Action item => Your answer must be a single number: the count of lines in the records below that include the string "pene".

Data items =>
━━━
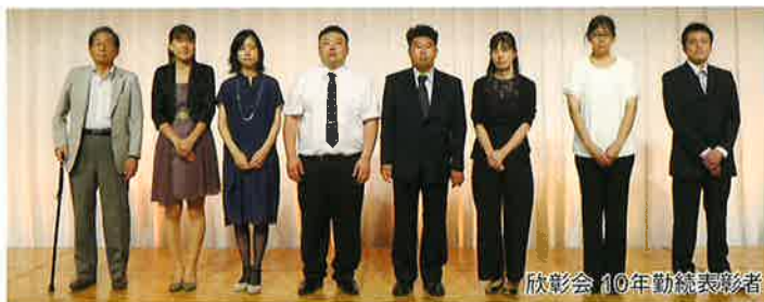
欣彰会 10年勤続表彰者
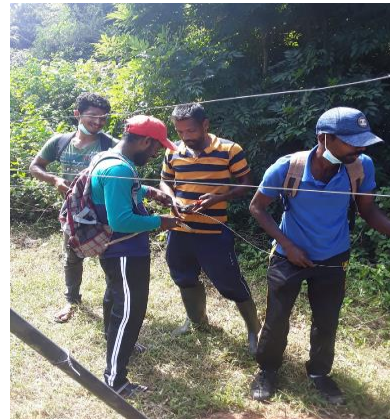
மின்வேலி நிர்மாணிப்பு மற்றும் பராமரிப்பு - மட்டக்களப்பு மாவட்டம்
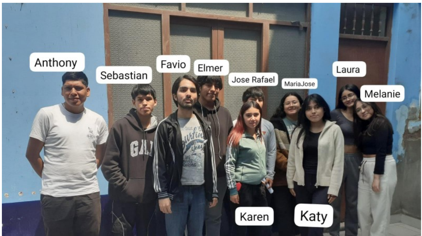
Une partie des étudiants parrainés
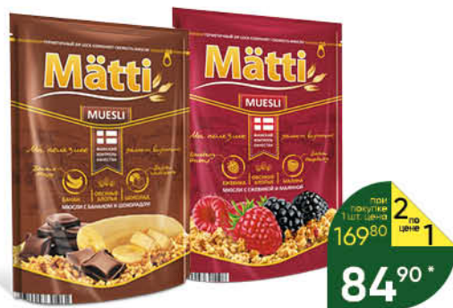
Мюсли МАТТИ с бананом и шоколадом; с ежевикой и малиной; с орехом и яблоком, 250 г
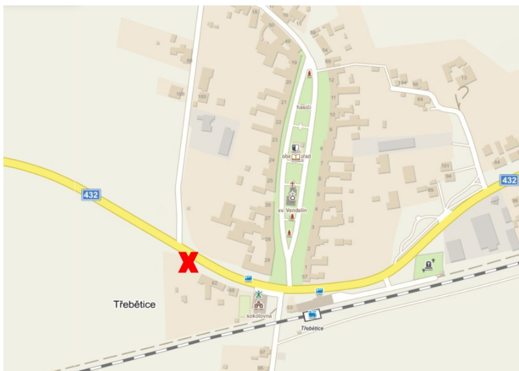
Poloha kaple na současné mapě

Status: kulturní památka č. ÚSKP 52228/7-6177 Chráněno 3.5.1958 – 19.8.1983.
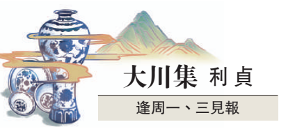
大川集 利貞 逢周一、三見報

閱讀是一種奢侈，它所需求的是時間的投入和心靈的專注，而奢侈的回報，定然超乎想像。
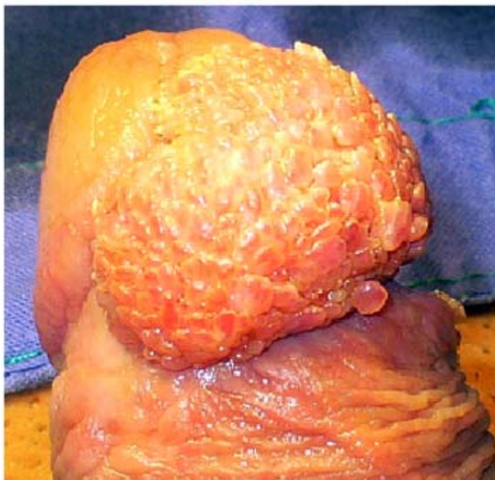
Fig. 1. Condiloma acuminado gigante del pene localizado en la parte ventral del glande.

Al examen físico se constató la presencia de un tumor de aproximadamente 3 cm de diámetro, con aspecto de coliflor, con secreción amarillenta espesa, localizado en la región ventral del pene, y que abarcaba el surco balano-prepucial y la región del frenillo (figura 1).
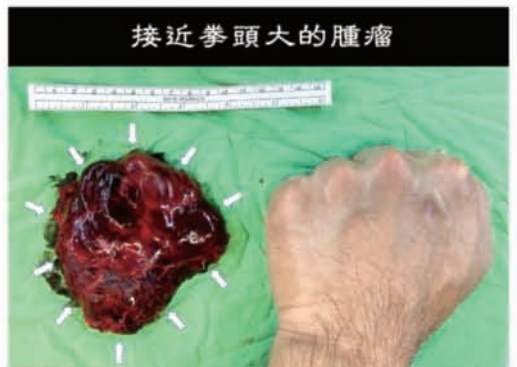
接近拳頭大的腫瘤

經手術前詳細說明與評估，病患成功透過達文西機械手臂來完成了巨大縱隔腔腫瘤的微創摘除手術，避免了因需要鋸開胸骨這樣大傷口的傳統術式所造成的副作用及後遺症，且輕鬆的在手術後第2天出院。返家後，病患迅速回到工作崗位及回歸正常的家庭生活，正是外科醫師為何皆希望能以微創的方式來替病患手術，而達文西機械手臂更是比內視鏡有著更顯著的微創優勢。
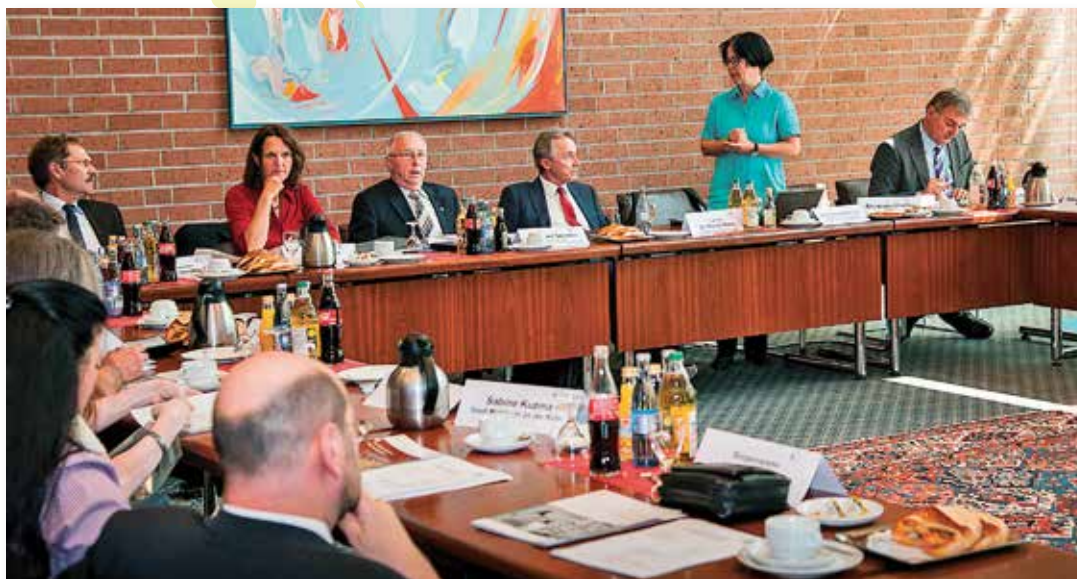
Die Mitglieder des Ausschusses für kommunale Entwicklungszusammenarbeit der Deutschen Sektion des RGRE treffen sich halbjährlich zu Arbeitssitzungen
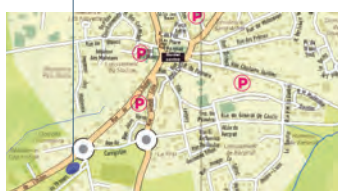
Le projet à Kergroëz

Une enquête publique est en cours, pour la cession par la ville à "l'Aiguillon" d'un foncier permettant la construction de 22 logements à Kergroëz. Et deux programmes sont en phase de réalisation : 58 logements au Gouéric par Bretagne Sud Habitat, et prochainement 9 logements au Clos Brizeux par LB Habitat.
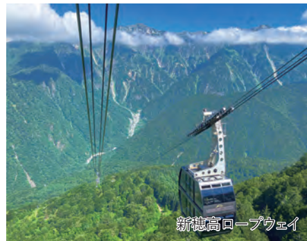
新穂高ロープウェイ
━━━
Your response => 2